Entries taken from a collection:
-------------------------

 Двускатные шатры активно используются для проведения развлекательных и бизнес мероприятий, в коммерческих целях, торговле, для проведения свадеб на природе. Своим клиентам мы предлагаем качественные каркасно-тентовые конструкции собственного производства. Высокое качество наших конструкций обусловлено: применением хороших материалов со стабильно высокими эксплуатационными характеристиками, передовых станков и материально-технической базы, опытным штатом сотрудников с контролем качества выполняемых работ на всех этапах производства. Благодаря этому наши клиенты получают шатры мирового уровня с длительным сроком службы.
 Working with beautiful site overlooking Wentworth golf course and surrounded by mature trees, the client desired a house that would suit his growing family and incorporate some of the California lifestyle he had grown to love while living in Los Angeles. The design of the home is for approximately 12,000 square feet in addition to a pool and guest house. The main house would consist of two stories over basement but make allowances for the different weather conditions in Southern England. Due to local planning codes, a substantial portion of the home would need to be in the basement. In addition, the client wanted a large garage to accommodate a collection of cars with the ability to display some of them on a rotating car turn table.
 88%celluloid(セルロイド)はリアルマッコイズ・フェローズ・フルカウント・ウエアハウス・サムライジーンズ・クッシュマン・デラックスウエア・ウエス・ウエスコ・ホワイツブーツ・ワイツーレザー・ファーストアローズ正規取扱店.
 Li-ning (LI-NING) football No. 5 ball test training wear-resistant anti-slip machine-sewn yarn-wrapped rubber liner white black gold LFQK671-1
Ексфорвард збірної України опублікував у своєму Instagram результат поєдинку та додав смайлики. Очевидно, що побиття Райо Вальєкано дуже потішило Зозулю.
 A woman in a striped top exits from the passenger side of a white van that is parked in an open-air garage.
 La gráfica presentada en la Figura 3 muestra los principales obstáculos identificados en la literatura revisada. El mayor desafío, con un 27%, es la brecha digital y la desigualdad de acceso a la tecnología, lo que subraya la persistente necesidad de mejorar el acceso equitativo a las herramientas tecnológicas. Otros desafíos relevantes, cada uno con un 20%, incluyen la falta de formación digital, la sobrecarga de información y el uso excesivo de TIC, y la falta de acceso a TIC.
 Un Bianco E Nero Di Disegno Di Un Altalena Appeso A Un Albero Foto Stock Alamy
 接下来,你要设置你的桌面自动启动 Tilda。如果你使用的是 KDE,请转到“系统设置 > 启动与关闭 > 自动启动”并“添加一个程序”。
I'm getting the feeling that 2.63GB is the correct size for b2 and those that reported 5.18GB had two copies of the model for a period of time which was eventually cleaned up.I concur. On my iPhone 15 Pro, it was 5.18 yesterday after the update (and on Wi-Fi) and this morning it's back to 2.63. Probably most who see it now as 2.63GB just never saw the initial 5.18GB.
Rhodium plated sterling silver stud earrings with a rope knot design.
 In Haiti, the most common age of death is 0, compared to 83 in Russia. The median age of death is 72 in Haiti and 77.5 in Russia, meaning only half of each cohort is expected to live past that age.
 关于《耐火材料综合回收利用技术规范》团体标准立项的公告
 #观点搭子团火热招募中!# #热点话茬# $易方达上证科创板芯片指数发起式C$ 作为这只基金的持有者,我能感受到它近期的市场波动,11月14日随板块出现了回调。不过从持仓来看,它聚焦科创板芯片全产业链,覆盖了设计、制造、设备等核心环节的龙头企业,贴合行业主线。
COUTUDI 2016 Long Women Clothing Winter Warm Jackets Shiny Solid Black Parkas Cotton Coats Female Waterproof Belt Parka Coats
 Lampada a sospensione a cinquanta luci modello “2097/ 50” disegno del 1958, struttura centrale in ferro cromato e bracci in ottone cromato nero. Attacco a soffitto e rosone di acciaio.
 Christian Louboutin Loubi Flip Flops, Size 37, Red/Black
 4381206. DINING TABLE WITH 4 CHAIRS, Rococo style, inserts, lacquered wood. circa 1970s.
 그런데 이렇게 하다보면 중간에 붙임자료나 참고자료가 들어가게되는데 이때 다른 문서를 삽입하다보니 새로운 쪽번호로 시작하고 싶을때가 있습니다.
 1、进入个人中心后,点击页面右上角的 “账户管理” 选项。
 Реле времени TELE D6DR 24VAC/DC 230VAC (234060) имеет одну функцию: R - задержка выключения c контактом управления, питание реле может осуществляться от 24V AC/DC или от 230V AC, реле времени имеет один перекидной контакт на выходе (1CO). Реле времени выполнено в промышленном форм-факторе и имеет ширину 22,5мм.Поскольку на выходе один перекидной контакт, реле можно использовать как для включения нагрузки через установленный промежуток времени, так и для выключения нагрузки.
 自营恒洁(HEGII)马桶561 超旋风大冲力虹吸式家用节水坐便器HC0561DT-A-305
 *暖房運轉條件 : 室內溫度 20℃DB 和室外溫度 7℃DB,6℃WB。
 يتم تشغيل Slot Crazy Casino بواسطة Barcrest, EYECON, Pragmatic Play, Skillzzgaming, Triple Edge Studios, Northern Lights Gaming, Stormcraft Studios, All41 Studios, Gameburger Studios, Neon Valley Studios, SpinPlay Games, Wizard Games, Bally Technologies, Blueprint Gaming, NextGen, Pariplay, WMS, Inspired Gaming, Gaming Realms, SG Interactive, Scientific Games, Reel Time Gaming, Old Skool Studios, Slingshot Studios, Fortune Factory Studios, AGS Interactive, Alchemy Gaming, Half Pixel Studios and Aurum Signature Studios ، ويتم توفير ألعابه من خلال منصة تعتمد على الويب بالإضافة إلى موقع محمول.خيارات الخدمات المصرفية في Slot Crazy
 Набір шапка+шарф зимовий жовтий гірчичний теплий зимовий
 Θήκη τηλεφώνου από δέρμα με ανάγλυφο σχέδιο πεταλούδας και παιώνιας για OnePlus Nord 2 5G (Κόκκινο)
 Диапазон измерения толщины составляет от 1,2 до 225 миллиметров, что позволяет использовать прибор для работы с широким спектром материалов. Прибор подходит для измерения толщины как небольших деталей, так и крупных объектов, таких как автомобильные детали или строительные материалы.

-------------------------

▶ WORK TO COMPLETE: Copy out each line above, character for character.

▶ ANSWER TO THIS PROBLEM:
 Двускатные шатры активно используются для проведения развлекательных и бизнес мероприятий, в коммерческих целях, торговле, для проведения свадеб на природе. Своим клиентам мы предлагаем качественные каркасно-тентовые конструкции собственного производства. Высокое качество наших конструкций обусловлено: применением хороших материалов со стабильно высокими эксплуатационными характеристиками, передовых станков и материально-технической базы, опытным штатом сотрудников с контролем качества выполняемых работ на всех этапах производства. Благодаря этому наши клиенты получают шатры мирового уровня с длительным сроком службы.
 Working with beautiful site overlooking Wentworth golf course and surrounded by mature trees, the client desired a house that would suit his growing family and incorporate some of the California lifestyle he had grown to love while living in Los Angeles. The design of the home is for approximately 12,000 square feet in addition to a pool and guest house. The main house would consist of two stories over basement but make allowances for the different weather conditions in Southern England. Due to local planning codes, a substantial portion of the home would need to be in the basement. In addition, the client wanted a large garage to accommodate a collection of cars with the ability to display some of them on a rotating car turn table.
 88%celluloid(セルロイド)はリアルマッコイズ・フェローズ・フルカウント・ウエアハウス・サムライジーンズ・クッシュマン・デラックスウエア・ウエス・ウエスコ・ホワイツブーツ・ワイツーレザー・ファーストアローズ正規取扱店.
 Li-ning (LI-NING) football No. 5 ball test training wear-resistant anti-slip machine-sewn yarn-wrapped rubber liner white black gold LFQK671-1
Ексфорвард збірної України опублікував у своєму Instagram результат поєдинку та додав смайлики. Очевидно, що побиття Райо Вальєкано дуже потішило Зозулю.
 A woman in a striped top exits from the passenger side of a white van that is parked in an open-air garage.
 La gráfica presentada en la Figura 3 muestra los principales obstáculos identificados en la literatura revisada. El mayor desafío, con un 27%, es la brecha digital y la desigualdad de acceso a la tecnología, lo que subraya la persistente necesidad de mejorar el acceso equitativo a las herramientas tecnológicas. Otros desafíos relevantes, cada uno con un 20%, incluyen la falta de formación digital, la sobrecarga de información y el uso excesivo de TIC, y la falta de acceso a TIC.
 Un Bianco E Nero Di Disegno Di Un Altalena Appeso A Un Albero Foto Stock Alamy
 接下来,你要设置你的桌面自动启动 Tilda。如果你使用的是 KDE,请转到“系统设置 > 启动与关闭 > 自动启动”并“添加一个程序”。
I'm getting the feeling that 2.63GB is the correct size for b2 and those that reported 5.18GB had two copies of the model for a period of time which was eventually cleaned up.I concur. On my iPhone 15 Pro, it was 5.18 yesterday after the update (and on Wi-Fi) and this morning it's back to 2.63. Probably most who see it now as 2.63GB just never saw the initial 5.18GB.
Rhodium plated sterling silver stud earrings with a rope knot design.
 In Haiti, the most common age of death is 0, compared to 83 in Russia. The median age of death is 72 in Haiti and 77.5 in Russia, meaning only half of each cohort is expected to live past that age.
 关于《耐火材料综合回收利用技术规范》团体标准立项的公告
 #观点搭子团火热招募中!# #热点话茬# $易方达上证科创板芯片指数发起式C$ 作为这只基金的持有者,我能感受到它近期的市场波动,11月14日随板块出现了回调。不过从持仓来看,它聚焦科创板芯片全产业链,覆盖了设计、制造、设备等核心环节的龙头企业,贴合行业主线。
COUTUDI 2016 Long Women Clothing Winter Warm Jackets Shiny Solid Black Parkas Cotton Coats Female Waterproof Belt Parka Coats
 Lampada a sospensione a cinquanta luci modello “2097/ 50” disegno del 1958, struttura centrale in ferro cromato e bracci in ottone cromato nero. Attacco a soffitto e rosone di acciaio.
 Christian Louboutin Loubi Flip Flops, Size 37, Red/Black
 4381206. DINING TABLE WITH 4 CHAIRS, Rococo style, inserts, lacquered wood. circa 1970s.
 그런데 이렇게 하다보면 중간에 붙임자료나 참고자료가 들어가게되는데 이때 다른 문서를 삽입하다보니 새로운 쪽번호로 시작하고 싶을때가 있습니다.
 1、进入个人中心后,点击页面右上角的 “账户管理” 选项。
 Реле времени TELE D6DR 24VAC/DC 230VAC (234060) имеет одну функцию: R - задержка выключения c контактом управления, питание реле может осуществляться от 24V AC/DC или от 230V AC, реле времени имеет один перекидной контакт на выходе (1CO). Реле времени выполнено в промышленном форм-факторе и имеет ширину 22,5мм.Поскольку на выходе один перекидной контакт, реле можно использовать как для включения нагрузки через установленный промежуток времени, так и для выключения нагрузки.
 自营恒洁(HEGII)马桶561 超旋风大冲力虹吸式家用节水坐便器HC0561DT-A-305
 *暖房運轉條件 : 室內溫度 20℃DB 和室外溫度 7℃DB,6℃WB。
 يتم تشغيل Slot Crazy Casino بواسطة Barcrest, EYECON, Pragmatic Play, Skillzzgaming, Triple Edge Studios, Northern Lights Gaming, Stormcraft Studios, All41 Studios, Gameburger Studios, Neon Valley Studios, SpinPlay Games, Wizard Games, Bally Technologies, Blueprint Gaming, NextGen, Pariplay, WMS, Inspired Gaming, Gaming Realms, SG Interactive, Scientific Games, Reel Time Gaming, Old Skool Studios, Slingshot Studios, Fortune Factory Studios, AGS Interactive, Alchemy Gaming, Half Pixel Studios and Aurum Signature Studios ، ويتم توفير ألعابه من خلال منصة تعتمد على الويب بالإضافة إلى موقع محمول.خيارات الخدمات المصرفية في Slot Crazy
 Набір шапка+шарф зимовий жовтий гірчичний теплий зимовий
 Θήκη τηλεφώνου από δέρμα με ανάγλυφο σχέδιο πεταλούδας και παιώνιας για OnePlus Nord 2 5G (Κόκκινο)
 Диапазон измерения толщины составляет от 1,2 до 225 миллиметров, что позволяет использовать прибор для работы с широким спектром материалов. Прибор подходит для измерения толщины как небольших деталей, так и крупных объектов, таких как автомобильные детали или строительные материалы.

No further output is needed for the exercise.